Dinanzi a un mondo che avanza digitalmente e che porta gli utenti a temere ogni sintomo, ogni segnale che il corpo manifesta, che spinge a essere affetti da “cybercondria”, bisogna essere sicuri di navigare il sito giusto, il sito autorevole, consapevoli che internet può essere una risorsa preziosa e non un luogo di perdizione della mente umana. È grazie a Internet che il mondo ha fatto grandi passi avanti scientifici e culturali; Internet ha contribuito a migliorare il giornalismo e l’informazione di qualità in un mondo che ha bisogno di buone informazioni sanitarie. E il compito della buona informazione è anche quello di proporre le notizie in maniera “positiva”, senza creare allarmismi, falsi allarmismi, generare bufale e peggio creare utenti affetti da “cybercondria”, pazienti che sempre più spesso vedono nei social network come Facebook la panacea a tutti i propri mali.
Certo, i social, i forum, le community hanno un ruolo fondamentale nella cultura della salute e nella diffusione di una buona informazione. Ma anche in questo caso è costante e alto il rischio di incappare in bufale, di generare allarmismi inutili. Non dimentichiamo infatti che tipicamente, soprattutto sui social, la corsa è quasi sempre alla ricerca di informazioni che si hanno già, è una ricerca di conferma delle proprie convinzioni; e questo accade perché il paziente si sente non ascoltato dal proprio medico (che ha sempre meno tempo). E sempre sui social si tende a commentare perché si è emotivamente spinti a farlo, si è arrabbiati al punto che spesso i commenti ai post neanche sono in linea con il contenuto veicolato.
Se è vero che il web è una grande fonte di democratizzazione dell’informazione, anche in tema salute, è anche vero che il lettore, il paziente va educato a fare un distinguo, a discernere rispetto alle fonti. È in questo senso che a mio avviso acquistano valore i gruppi di discussioni all’interno di community create ad hoc per i pazienti, o approfondimenti e confronti diretti con i medici che possono avvenire online su piattaforme come Paginemediche o ancora i processi di Digital Narrative Medicine che possono generarsi sul web per la co-costruzione di un percorso di cura personalizzato: i pazienti hanno bisogno di queste soluzioni e i caregivers, i medici e i professionisti della salute in generale hanno il dovere di rapportarsi a questi con rispetto e umiltà, destinando tempo e voglia alla lettura di quello che i pazienti chiedono, discutono, manifestano, perché questo davvero può aiutare a favorire una migliore gestione della salute.
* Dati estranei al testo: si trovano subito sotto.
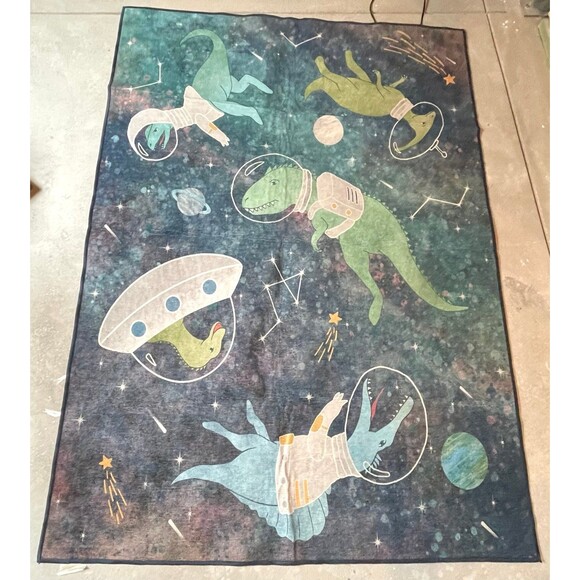 Dinosaurs in Space Ruggable rug cover only 5 x 7 feet. This is in really great condition. Washed one, the edges are NOT curling and there are no stains.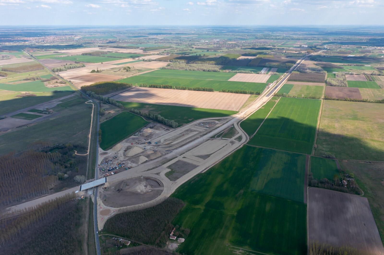 Folyamatos a főpálya építése az M44-esen a Közgép Zrt. kivitelezésében épülő Lakitelek-Szentkirály szakaszon, ahol földmunka, aszfalt alap- és kötőréteg építés, vízépítési munkák zajlanak - értesült a magyarepitok.hu.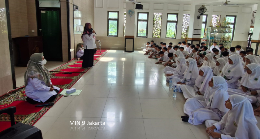 Jakarta (Humas MIN 9) — Madrasah Ibtidaiyah Negeri (MIN) 9 Jakarta Selatan menggelar kegiatan Read Aloud Goes to School bertema “Cahaya Bersih untuk Bumi – Read Aloud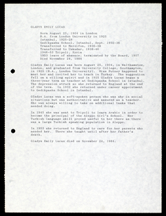 Amerikan Bord Heyeti (American Board), Istanbul, "Memorial records for Gladys Emily Lucas," American Research Institute in Turkey, Istanbul Center Library, online in Digital Library for International Research Archive, Item #17221, http://www.dlir.org/archive/items/show/17221 (accessed April 30, 2026).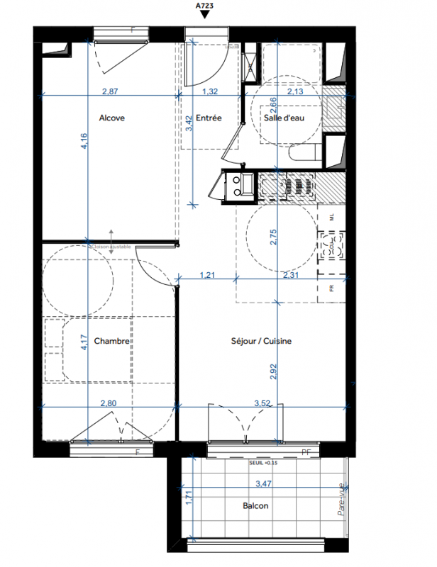 231 000€ Appt. T2 43.47m2 1er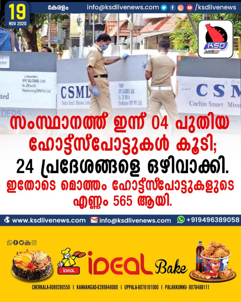 സംസ്ഥാനത്ത് ഇന്ന് 04 പുതിയ ഹോട്ട്സ്പോട്ടുകള്‍ കൂടി; 24 പ്രദേശങ്ങളെ ഒഴിവാക്കി. ഇതോടെ മൊത്തം ഹോട്ട്‌സ്‌പോട്ടുകളുടെ എണ്ണം 565 ആയി.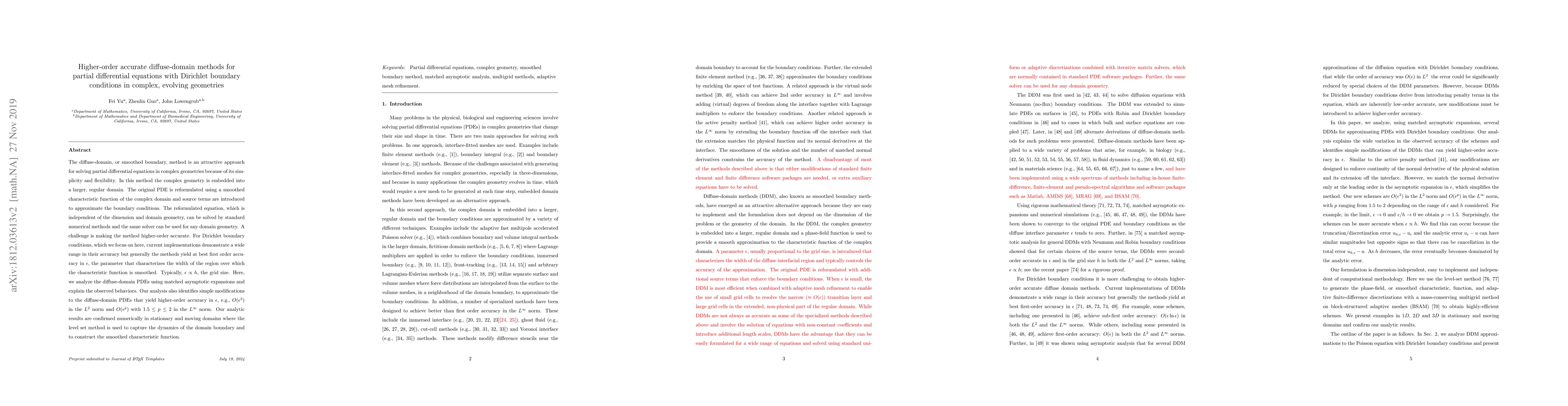 This paper proposes higher-order accurate diffuse-domain methods for solving PDEs in complex geometries by reformulating the PDE using a smoothed characteristic function. The authors achieve higher-order accuracy, $O(\epsilon^2)$ in $L^2$ norm and $O(\epsilon^p)$ with $1.5\le p\le 2$ in $L^{\infty}$ norm, through matched asymptotic expansions and simple modifications to the PDEs.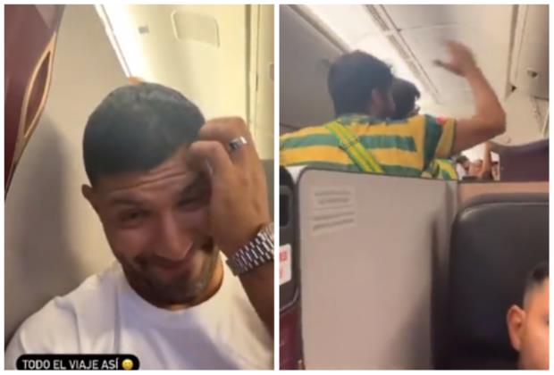Aguero je podelio delić atmosfere iz aviona i po njegovom izrazu lica videlo se da mu nije nimalo prijatno.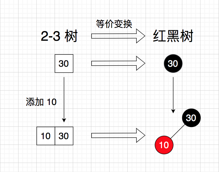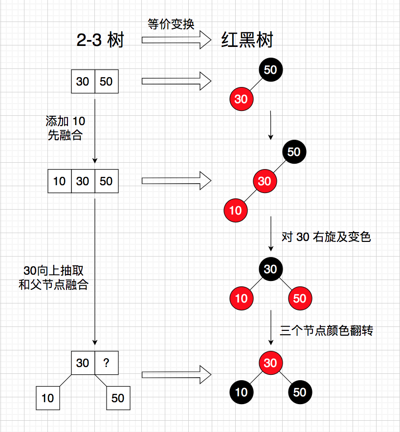 由于 2-3 树的这种结构以及融合、拆分的过程难于⽤代码操作,所以可以通过⼀些规则,将 2-3 树等价变换成红⿊树。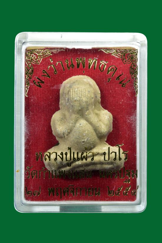 วัดใจ พระปิดตาพิมพ์ตุ๊กตา เนื้อผงว่านพุทธคุณ หลวงปู่แผ้ว วัดกำแพงแสน จ.นครปฐม ปี 2554 สภาพสวย พร้อมกล่องเดิม |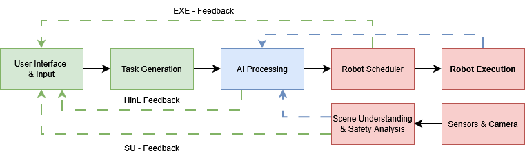 The resulting tasks are executed through robotics middleware such as ROS, enabling integration with a wide range of robotic platforms. Throughout the process, the human operator maintains situational awareness through visual feedback and can intervene or refine instructions when needed.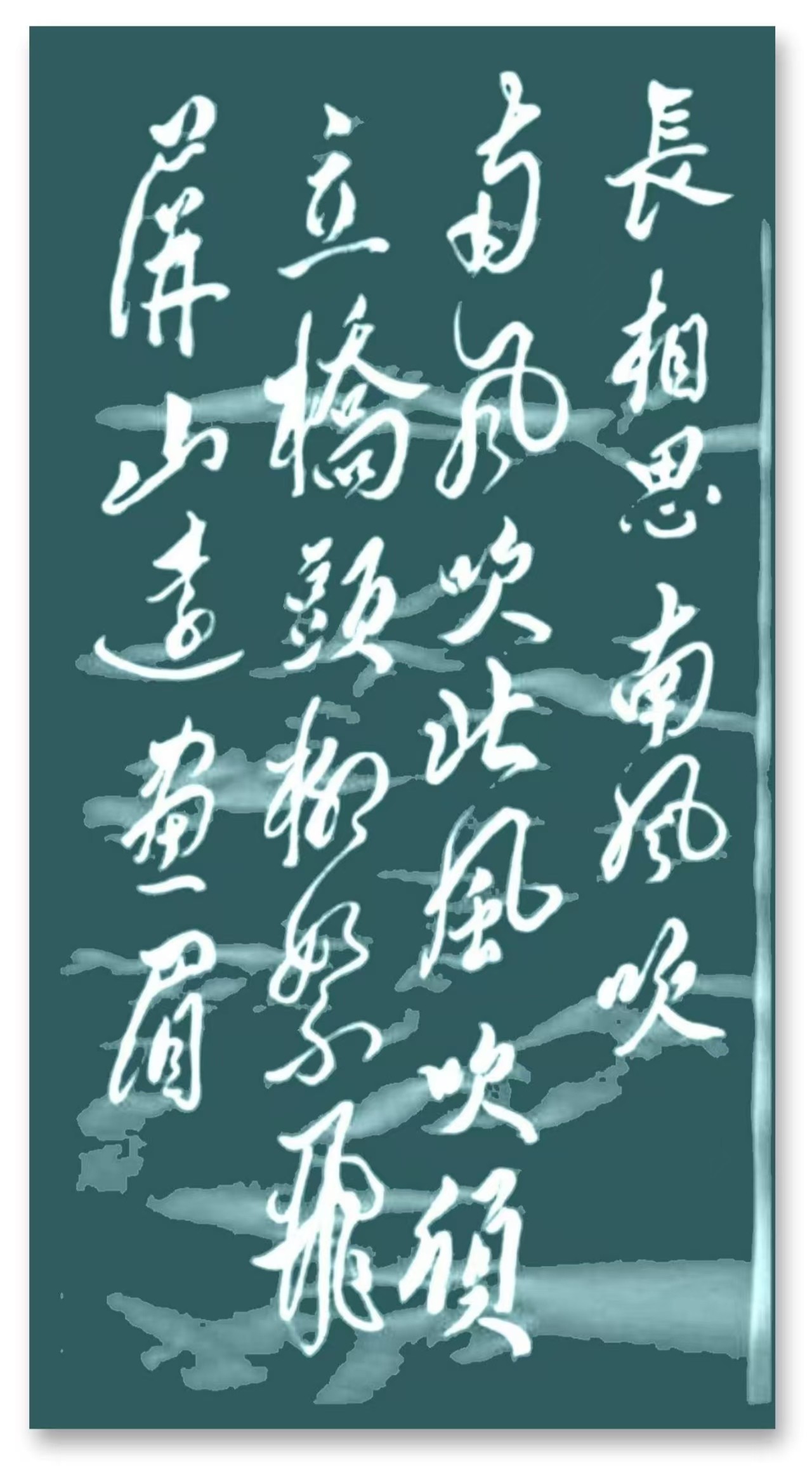 南风吹,北风吹,颀立桥头柳絮飞。屏山远画眉。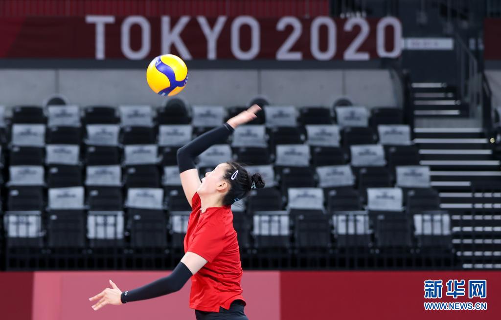 7月21日,中國女排隊(duì)員在訓(xùn)練中。 當(dāng)日,中國女排在東京有明體育館進(jìn)行訓(xùn)練,備戰(zhàn)東京奧運(yùn)會比賽。 新華社記者丁汀攝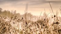 Spinnenwebben in het gras op een weide in het tegenlicht van de stralen opkomende zon. Sfeervol seizoensplaatje van een prachtige ochtend scene.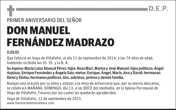 Ruegan una oración por su alma y asistan a la misa de aniversario que, por su eterno descanso, se celebrará MAÑANA, DOMINGO, día 13, a las DOCE del mediodía, en la Iglesia Parroquial de Vega de Villafufre. Favores por los cuales les quedarán agradecidos.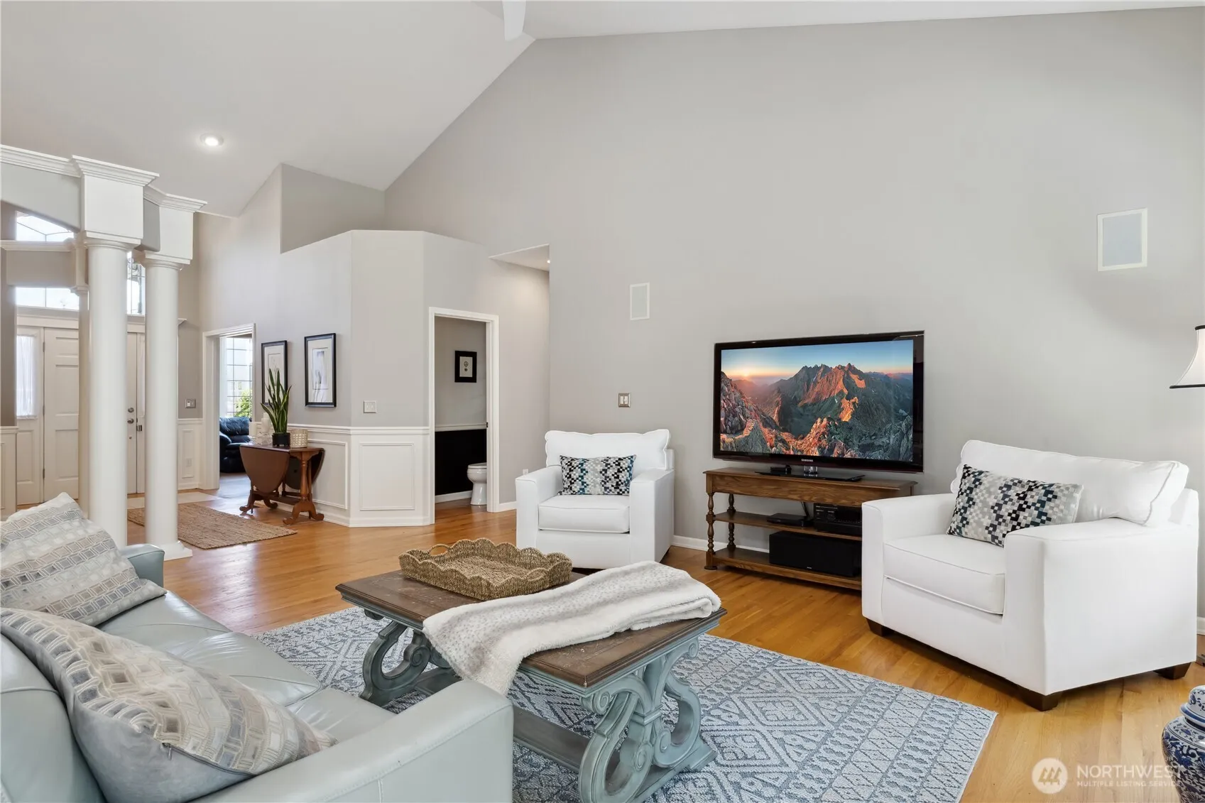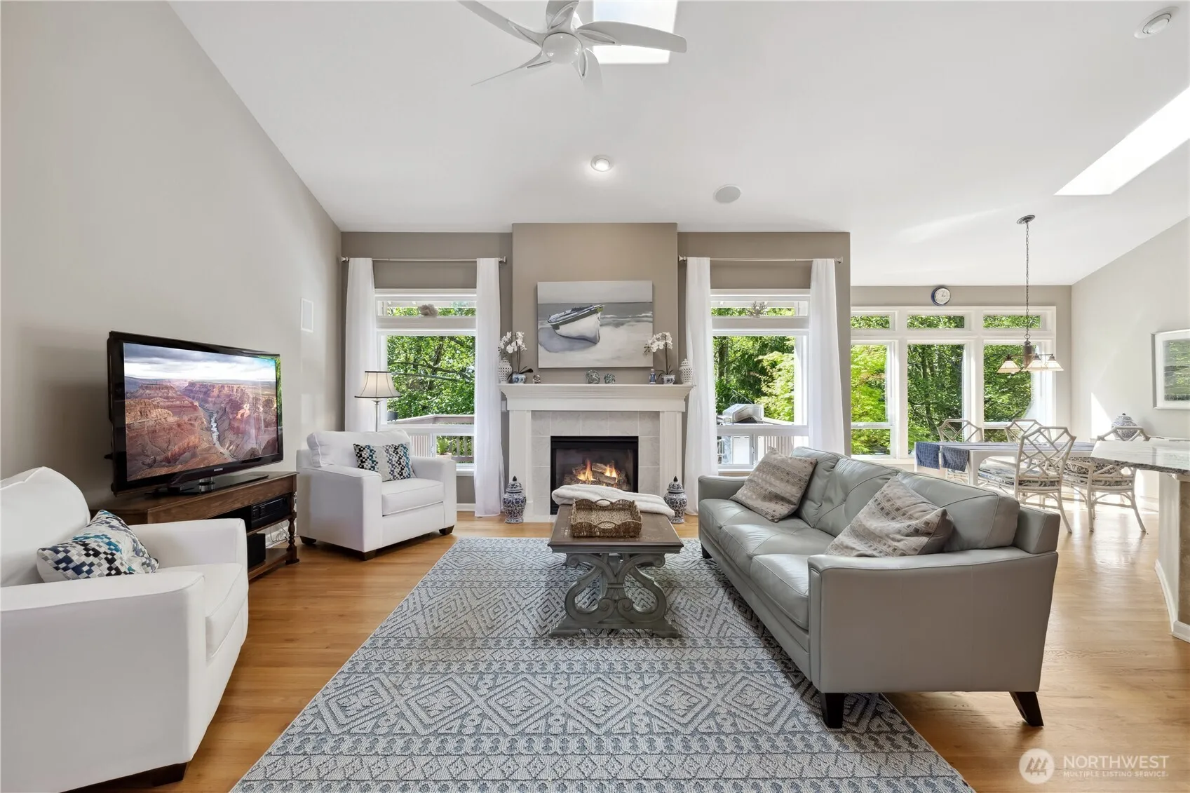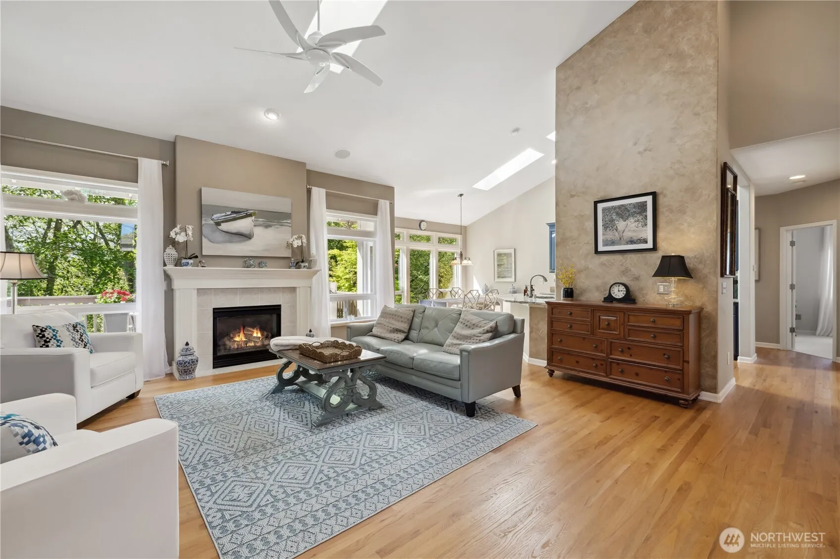 Welcome to breathtaking Smugglers Cove in sought-after Mukilteo. This elegant, light-filled 1-level home w/great room floor plan is complete w/soaring ceilings, gleaming hardwoods, built-in speakers, living room, gas FP, 2 dining areas, a large office w/vaulted ceiling & a beautifully updated kitchen w/granite counters & new stainless-steel appliances. Spacious back deck; home backs to greenbelt for added privacy. 3 beds include lovely primary suite w/full bath & walk-in closet. Full guest bath. Gorgeous landscaping is easily cared for w/Bluetooth sprinkler system. Beautiful Monier concrete tile roofing. Central A/C. 3-car garage. Brand-new W/D. Enjoy several nearby parks, easy ferry access & convenient commuting to major business centers.

Eppure la cybercondria esiste. Esiste perché in fondo bisogna riconoscere che il dolore è un grande business.
Oggi però noi possiamo fare tutti qualcosa per cambiare, per sostenere un processo di creazione delle informazioni validate: può farlo l’Università nei processi di formazione medico-scientifico, può farlo ogni Associazione di Pazienti che è presente online, può farlo qualsiasi Azienda Farmaceutica che decide di comunicare sul web e attraverso il web con medici e pazienti. E deve farlo ogni giornalista, ogni sito di informazione, ogni piattaforma di salute digitale.
Ognuno di noi può impegnarsi nella cura e nella prevenzione delle malattie, ognuno può contribuire a rendere la salute, e non più il dolore, il vero business per la felicità. Di tutti.